Diese Grenze zwischen Wunsch und Realität auszuloten interessiert mich. Quasi als Instrument habe ich mir den „Ghettoblaster ausgedacht. Mit dem Ziel ihn als eine Art tragbare mit eigenen Ideen, Idealen und Träumen zu füllende Insel zu verwenden.

Da es sich um die Idee eines „Ghettoblasters handelt sind es denn auch keine realitätsnahen Nachbildungen. Ich möchte 6 unterschiedliche Modelle entwickeln, aus unterschiedlichen Materialien und mit unterschiedlichen Assoziationsmöglichkeiten, siehe Skizzen im Bildteil.

Diese Idee von Flüchtigkeit und Mobilität möchte ich den unterschiedlichen Bewohnern und Schülern der Hardau gerne in die Hand geben. Mit dem von Ihnen ausgewählten Modell möchte ich sie an einem Ort Ihrer Wahl fotografieren.

Zudem möchte ich versuchen alle Altersgruppen mit diesen „Ghettoblastern zu konfrontieren, und Sie zum mitmachen zu motivieren.
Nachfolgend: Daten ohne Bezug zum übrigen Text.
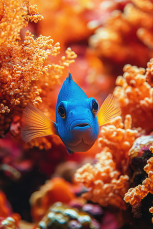 Striking blue fish navigates a vibrant orange coral reef, creating a captivating underwater scene

Es ist mir denn auch ein wichtiges Anliegen die Fotos für die Plakate mit Personen und Schülern aus dem Quartier in der Hardau zu realisieren.

Plakat-Projekt

1.1 Entwicklung und Produktion der Bilder zusammen mit der Bevölkerung und der Schülerschaft der Hardau
In einem ersten Schritt geht es darum mit den Bewohnern und den Schülern der Hardau in Kontakt zu kommen und ihnen das Projekt zu schildern. Ich denke es ist wichtig hier niemand zu überrumpeln und die Kontakte gezielt über und mit der Lehrerschaft, dem Gemeinschaftszentrum, dem Altersheim zu suchen.
Es ist mir wichtig mit Menschen zusammen zu arbeiten die auch Spass an der Sache haben um die ganze Inszenierung mit einem gewissen Humor zu erarbeiten. In den Bildern sollte eine Leichtigkeit spürbar werden die trotzdem einen ernsthaften Umgang mit der Person, dem von Ihr gewählten Ort und dem Modellobjekt zulässt.

In einem Zweiten Schritt werden die Personen aufgefordert sich ein Modell und ein Ort auszusuchen und sich eine Szene für ein Foto auszudenken, diese wird dann anschliessend gemeinsam mit einem Fotografen oder einer Fotografin und mir besprochen und realisiert.

1.2 Standorte der Plakate und ihre Bildeinteilungen.
Eröffnet wird die Plakatreihe mit dem Standort der sich nahe dem Albisriederplatz befindet. Hier wird man von der Stadt herkommend empfangen durch ein Panoramabild auf dem mehrere Personen (verschiedener Altersgruppen) mit mehreren Modellen an einem Ort zu sehen sind.
An den zwei anderen Standorten Hardau Mitte und nahe Schulhaus gibt es je drei individuelle Portraits pro Plakatwand mit maximal zwei Personen und einem Modell.
Hier treffen sich auf den Plakatwänden verschiedene Personen, Orte und Modelle.

Publikumsplakat
Das Publikumsplakat sehe ich als eine Bildlandkarte bestehend aus sechzehn verschiedenen Portraits, die Bildreihen sind leicht verschoben damit Platz für Text entsteht. Man kann das Plakat ungefaltet oder gefaltet erwerben.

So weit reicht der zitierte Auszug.